↓

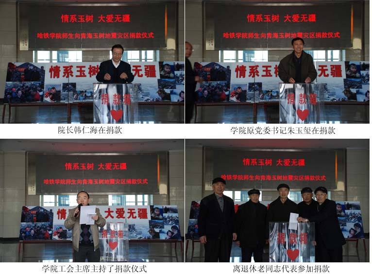 (beats365官网消息) 22日下午,学院在教学综合楼大厅举行题为“情系玉树、大爱无疆”为青海玉树地震灾区捐款活动。学院工会主席李洪涛主持了捐款活动。
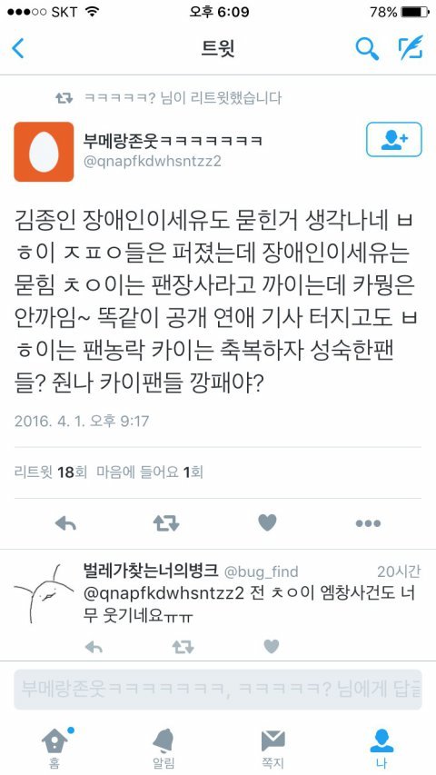 누군 팬들 생각해서 바쁘고 누군 연애질 하느냐 방송 하기 싫은티 팍팍 내시고? 맨날 마스크 꽁꽁 싸매더니 ??? 그흔한 마스크는 어디갔냐 팬들 완전 호구지 ㅋㅋㅋㅋ 호텔?! 하 그세계에서 사네 더러워
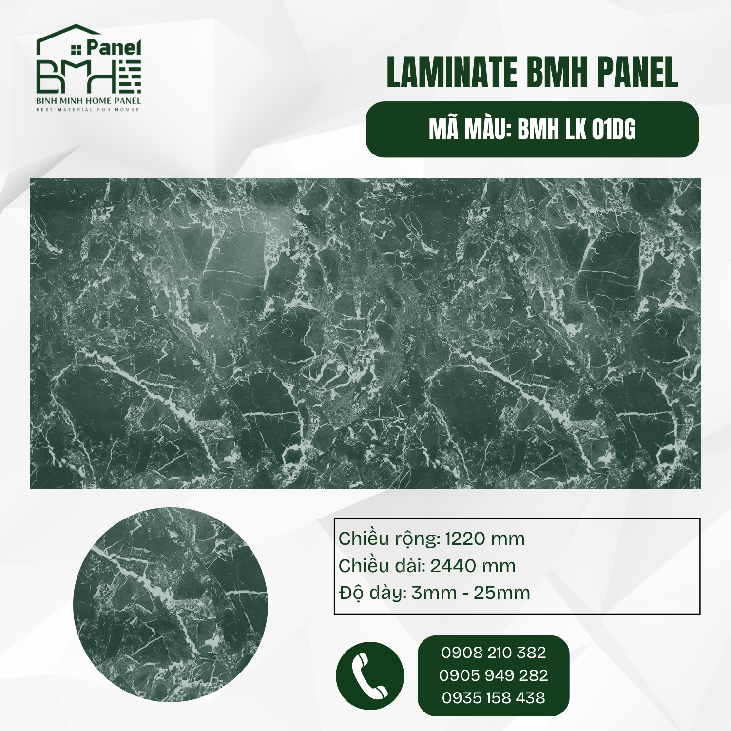 Laminate BMH là dòng sản phẩm bề mặt cao cấp bậc nhất, là một nhà sản xuất, BMH cam kết luôn cung cấp đầy đủ, kịp thời đến khách hàng. Mẫu Laminate 01DG mô phỏng dòng đá tự nhiên Verde Alpi (một loại đá cẩm thạch xanh nổi tiếng từ Ý).
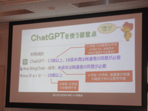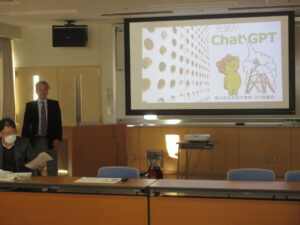 まず、今年度技術科を教えていただいている先生を講師として、「生成AIのチャットGPT」について学習する機会をもちました。
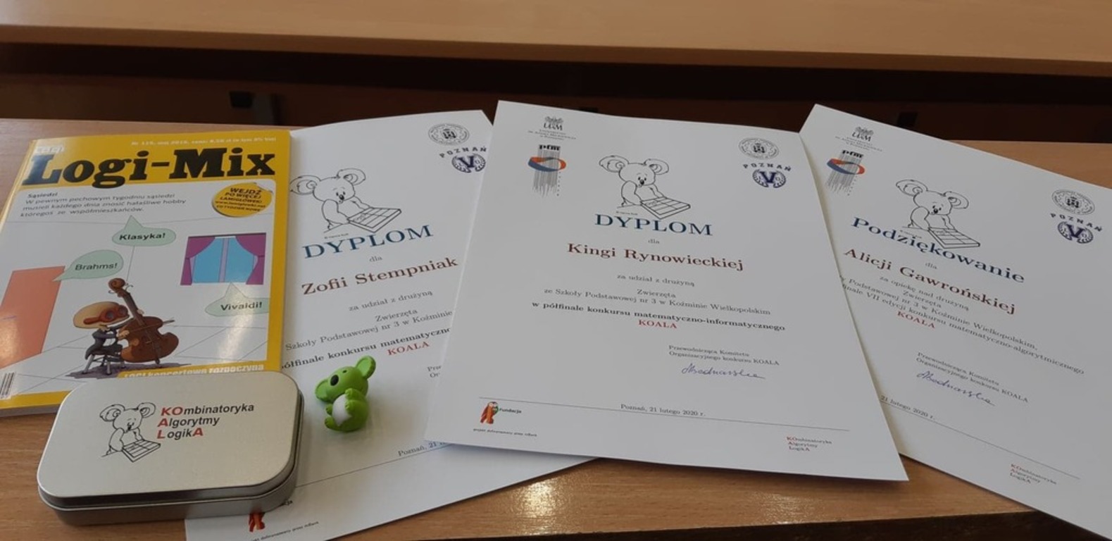 Konkurs KOALA jest organizowany przez Wydział Matematyki i Informatyki UAM, Instytut Informatyki Politechniki Poznańskiej, Odział Poznański Polskiego Towarzystwa Matematycznego oraz V Liceum Ogólnokształcące w Poznaniu. Zmagania konkursowe przebiegają w dwóch kategoriach wiekowych: uczniowie klas 7 i 8 szkół podstawowych Wielkopolski i uczniowie szkół ponadpodstawowych Wielkopolski. Konkurs ma charakter drużynowy. Drużynę tworzy trzech lub czterech uczniów. Z naszej szkoły byli to: Kinga Rynowiecka (kl. VIII b), Zofia Stempniak kl. (VIII b) i Robert Wojtkowiak (kl. VII b), opiekun Alicja Gawrońska. Do konkursu zgłosiło się 118 drużyn z Wielkopolski. Do II etapu konkursu zostało zakwalifikowanych 12 drużyn ze szkół ponadpodstawowych i 8 drużyn ze szkół podstawowych. Jestem dumna z moich uczniów, którzy zaleźli się w gronie zwycięzców I etapu.
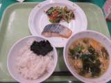 ごはん・さわらのしおこうじやき・ごまあえ・かきたま汁・ 手作り海苔の佃煮・...
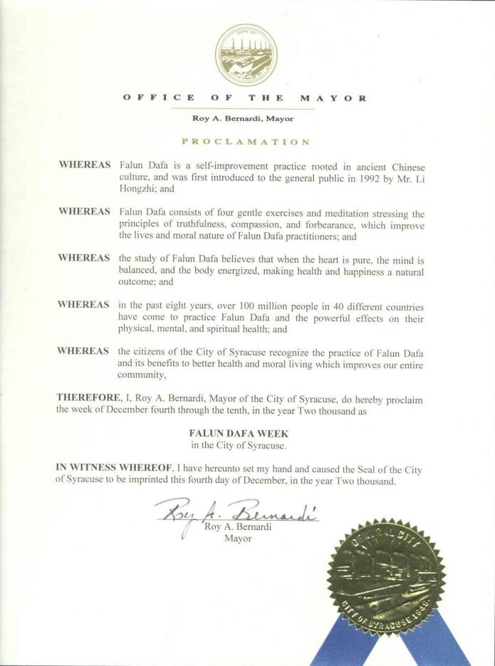 【明慧网2000年12月9日】纽约州锡拉丘兹市市长宣布2000年12月4日至10日为“法轮大法周”

↑

**What you are asked to do:** If a picture appears in the records, omit it and print everything else exactly.

**Output of the exercise:**
 (beats365官网消息) 22日下午,学院在教学综合楼大厅举行题为“情系玉树、大爱无疆”为青海玉树地震灾区捐款活动。学院工会主席李洪涛主持了捐款活动。
 누군 팬들 생각해서 바쁘고 누군 연애질 하느냐 방송 하기 싫은티 팍팍 내시고? 맨날 마스크 꽁꽁 싸매더니 ??? 그흔한 마스크는 어디갔냐 팬들 완전 호구지 ㅋㅋㅋㅋ 호텔?! 하 그세계에서 사네 더러워
 Laminate BMH là dòng sản phẩm bề mặt cao cấp bậc nhất, là một nhà sản xuất, BMH cam kết luôn cung cấp đầy đủ, kịp thời đến khách hàng. Mẫu Laminate 01DG mô phỏng dòng đá tự nhiên Verde Alpi (một loại đá cẩm thạch xanh nổi tiếng từ Ý).
 まず、今年度技術科を教えていただいている先生を講師として、「生成AIのチャットGPT」について学習する機会をもちました。
 Konkurs KOALA jest organizowany przez Wydział Matematyki i Informatyki UAM, Instytut Informatyki Politechniki Poznańskiej, Odział Poznański Polskiego Towarzystwa Matematycznego oraz V Liceum Ogólnokształcące w Poznaniu. Zmagania konkursowe przebiegają w dwóch kategoriach wiekowych: uczniowie klas 7 i 8 szkół podstawowych Wielkopolski i uczniowie szkół ponadpodstawowych Wielkopolski. Konkurs ma charakter drużynowy. Drużynę tworzy trzech lub czterech uczniów. Z naszej szkoły byli to: Kinga Rynowiecka (kl. VIII b), Zofia Stempniak kl. (VIII b) i Robert Wojtkowiak (kl. VII b), opiekun Alicja Gawrońska. Do konkursu zgłosiło się 118 drużyn z Wielkopolski. Do II etapu konkursu zostało zakwalifikowanych 12 drużyn ze szkół ponadpodstawowych i 8 drużyn ze szkół podstawowych. Jestem dumna z moich uczniów, którzy zaleźli się w gronie zwycięzców I etapu.
 ごはん・さわらのしおこうじやき・ごまあえ・かきたま汁・ 手作り海苔の佃煮・...
 【明慧网2000年12月9日】纽约州锡拉丘兹市市长宣布2000年12月4日至10日为“法轮大法周”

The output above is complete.